If a line below falls between the line with "Figure 3. FT-IR" and the line with "好礼天天见,直白的说就是签到", or is one of those two, output it exactly; output nothing else and no pictures.

Data listing -
------------------------------------------------

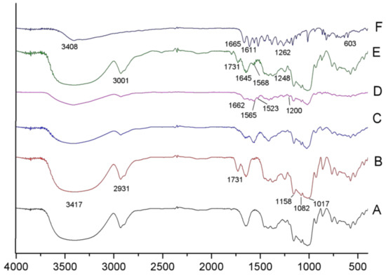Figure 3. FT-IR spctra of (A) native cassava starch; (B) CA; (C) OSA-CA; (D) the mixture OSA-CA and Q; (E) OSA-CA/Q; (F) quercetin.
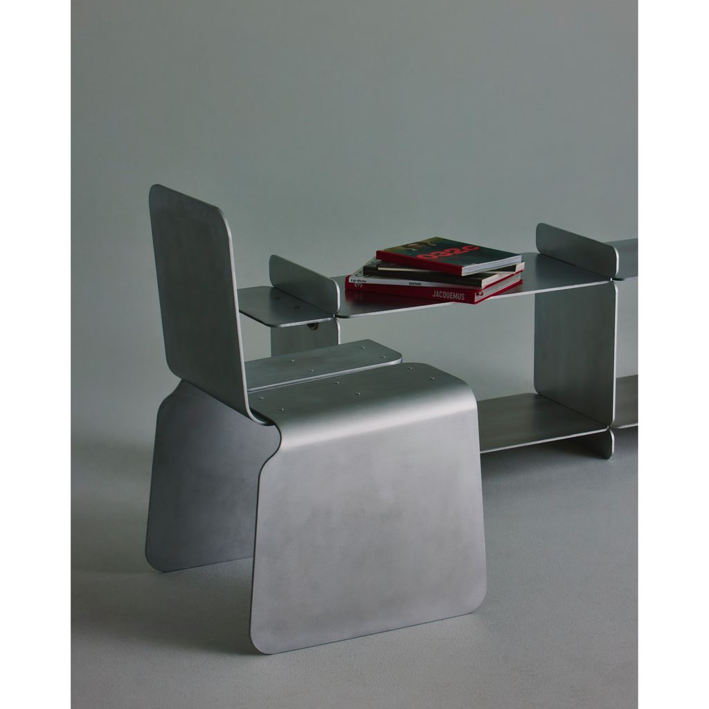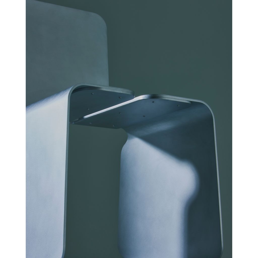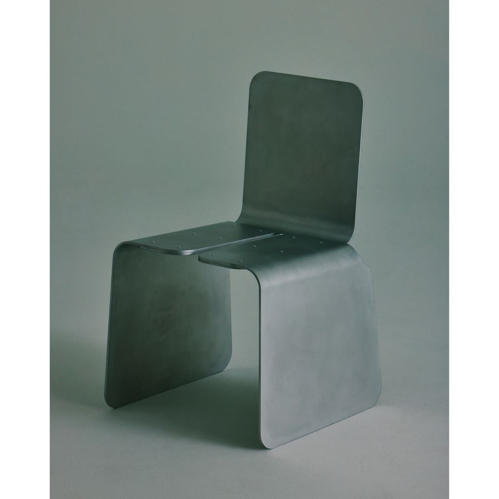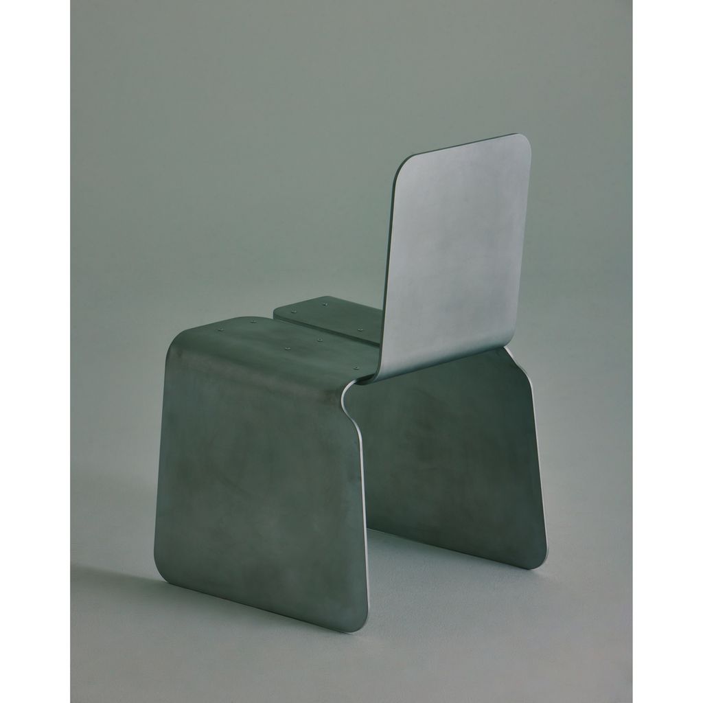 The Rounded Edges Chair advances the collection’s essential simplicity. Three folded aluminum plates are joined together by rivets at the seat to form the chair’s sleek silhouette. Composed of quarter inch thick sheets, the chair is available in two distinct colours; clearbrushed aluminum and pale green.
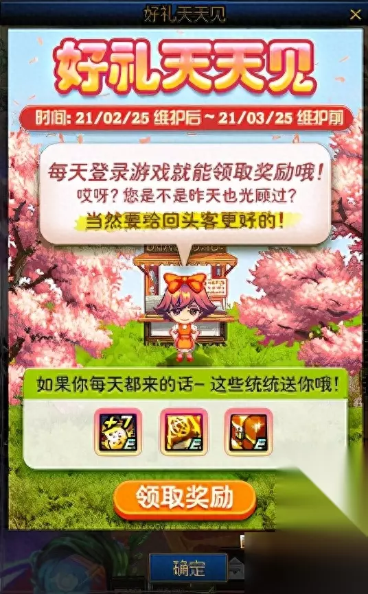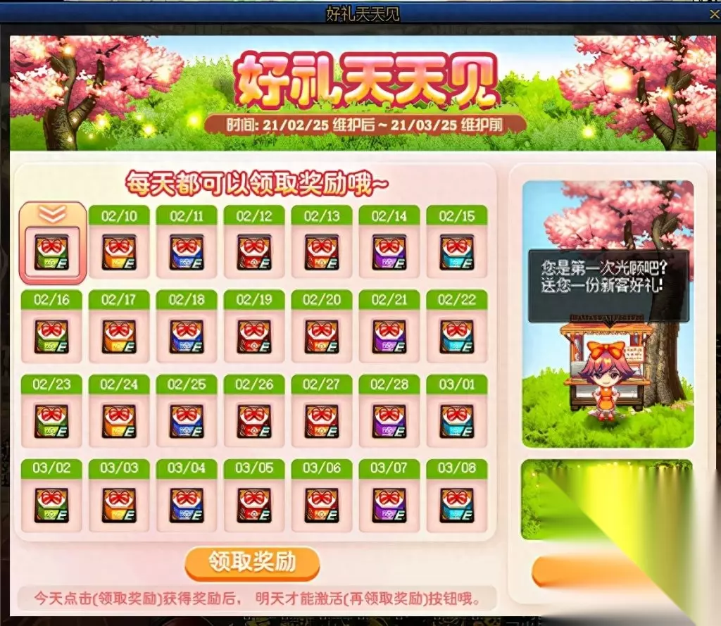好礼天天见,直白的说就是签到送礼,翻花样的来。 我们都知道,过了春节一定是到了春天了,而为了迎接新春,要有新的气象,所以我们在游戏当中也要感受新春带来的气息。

------------------------------------------------

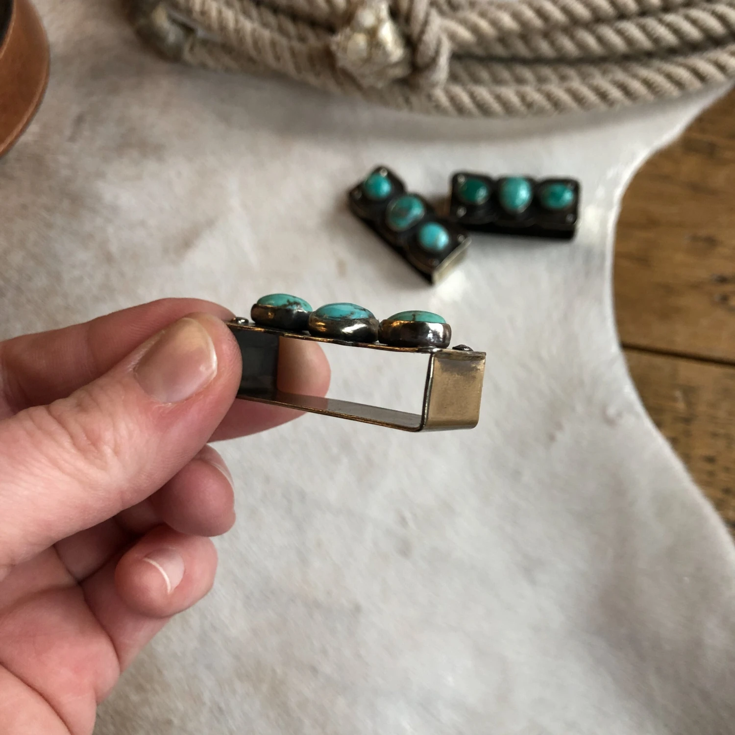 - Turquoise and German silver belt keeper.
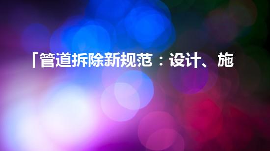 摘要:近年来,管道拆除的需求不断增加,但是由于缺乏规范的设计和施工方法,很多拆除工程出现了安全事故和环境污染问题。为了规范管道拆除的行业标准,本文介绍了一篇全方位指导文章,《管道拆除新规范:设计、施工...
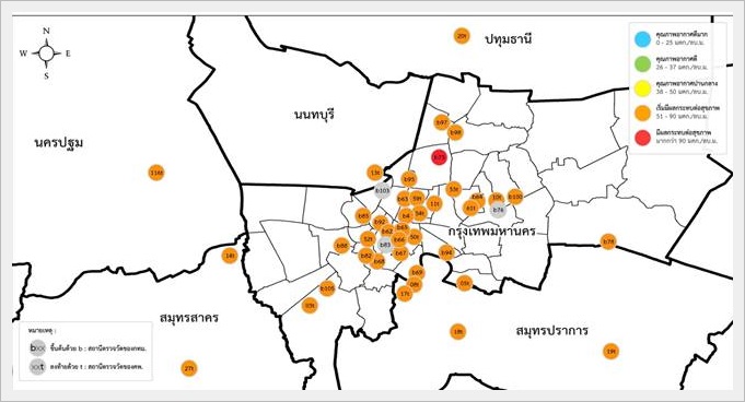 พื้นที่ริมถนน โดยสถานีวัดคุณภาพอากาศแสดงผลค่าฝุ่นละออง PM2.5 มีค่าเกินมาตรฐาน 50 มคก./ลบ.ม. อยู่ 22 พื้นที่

------------------------------------------------

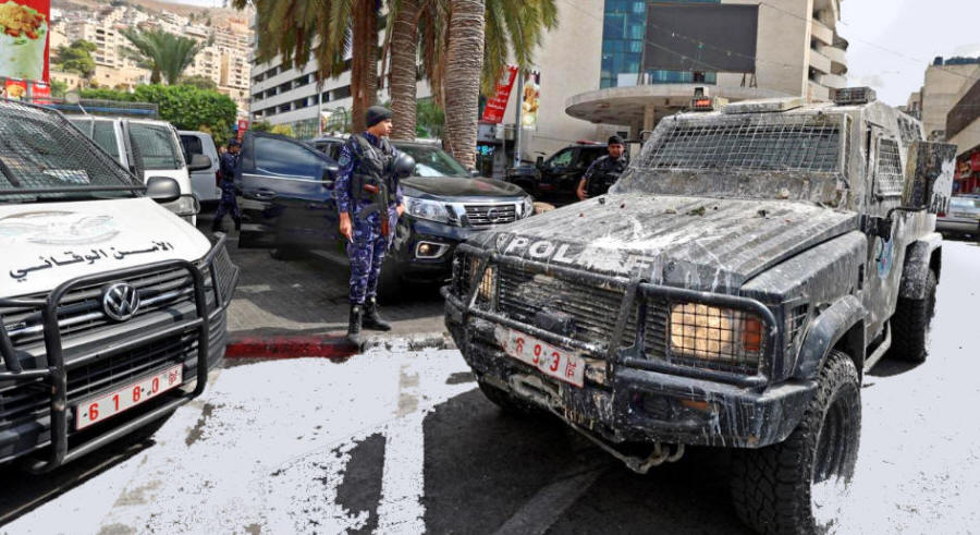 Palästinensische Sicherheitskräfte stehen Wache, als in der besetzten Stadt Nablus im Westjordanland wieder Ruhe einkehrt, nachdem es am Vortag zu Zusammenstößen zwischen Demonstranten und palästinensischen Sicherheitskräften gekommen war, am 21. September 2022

------------------------------------------------

Final answer -
Figure 3. FT-IR spctra of (A) native cassava starch; (B) CA; (C) OSA-CA; (D) the mixture OSA-CA and Q; (E) OSA-CA/Q; (F) quercetin.
 The Rounded Edges Chair advances the collection’s essential simplicity. Three folded aluminum plates are joined together by rivets at the seat to form the chair’s sleek silhouette. Composed of quarter inch thick sheets, the chair is available in two distinct colours; clearbrushed aluminum and pale green.
好礼天天见,直白的说就是签到送礼,翻花样的来。 我们都知道,过了春节一定是到了春天了,而为了迎接新春,要有新的气象,所以我们在游戏当中也要感受新春带来的气息。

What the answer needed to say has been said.